ACX and audiobooks profile questions

Several questions: After I edit a track and work with all the breath places and lip smacks and have everything sounding good, I do the Filter curve, RMS Normalize and Limiter. After I have done this it seems like my breath places that I have edited are prominent again. I suppose it is because the effects are amplifying the volume to get the right profile. The way I have been editing breath places and lip noises is reduce amplification by 8.5 or so over the effected areas, but then when I do the Filter Curve etc. they are back to a certain degree. I wait until after I have done the profile settings to do the room tone noise reduction as it appears like this also goes up in volume after the settings. Do I have sequences wrong? Does this matter? I also notice that my ACX tool almost always wants to freeze up or do strange things. Is this a computer problem or typical of the ACX tool? Thanks again!

ACX tool

We need to get the words right. There is ACX Check which measures the technical standards of your chapter or show.

The display gives you more than you need. The important bits are in the red boxes.

Then there’s Audiobook Mastering which is the suite of corrections you can apply to guarantee ACX Peak and RMS (loudness). If you recorded well in a quiet, echo-free room, you may be done.

Yes, RMS Normalize can change the overall volume of your show depending on what’s required. If you produced a very low volume raw recording, the change can be significant.

Record the work, Stop, Export a WAV (Microsoft) 16-bit protection copy, and apply Mastering according to this panel.

Did you pass noise by at least -65dB?

If you did, go in and suppress your ticks, pops, and mouth clicks. Those corrections should be tiny enough not to affect the technical standards. When you get it to sound right, run ACX Check again. You should still pass, and you’re done.

Did you fail noise? Many home readers do. How bad is it? How much did you miss the -60dB specification? Can you make -65dB?
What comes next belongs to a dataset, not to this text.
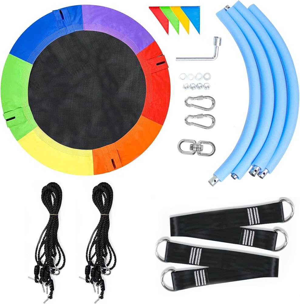 40 Inch Saucer Tree Swing for Kids, 900lbs Swings Seat for Children with Adjustable Hanging Straps Waterproof Safe Durable Swing Sets for Indoor Outdoor Backyard Playground, Multi-Coloured

Peak and RMS (loudness) respond to a couple of Audacity effects. Noise is the graduate course.

Koz

Ok, thanks! When mentioned ACX, I am referring to ACX check. It acts like it wants to freeze. It will stall 2/3 finished and sit for a bit. Eventually it will finish. I have been using the suite of tools with good success other then having my breath noises pop out more after I am done, but I could wait with that until the end to edit.

It acts like it wants to freeze.

It’s doing a lot of work and it can seem like it’s taking forever. For example, it has to analyze your whole show and find the one 3/4-second chunk of sound that’s quieter than all the others to measure for your background noise.

It’s very processor intensive. You may be able to help that along by speeding up the machine. How much drive do you have available? Spinning Metal or SSD? If metal, when was the last time you defragmented it?

I’m fuzzy on this one, but I think ACX Check has to load the whole test into memory. If you have a modest machine, it may give up and start to swap sound into and out of the hard drive as it does the analysis. That will feel like the check is suddenly walking through sticky mud. Much worse if the drive is full or badly fragmented.

Disconnect the network and clean start the machine. Shift+Shutdown > Wait > Start. Not Restart and not Regular Shutdown. Don’t let anything else start.

If you completely overload ACX Check, it will just fail with a complaint that your show is too long to measure all at once.

You may be able to use this trick. Select half the show and analyze that. Then select the other half. This only works for chapters that already have the Room Tone segments before and after which ACX requires. No, I don’t expect you to get stupid-different readings between the two. I don’t think mastering allows that.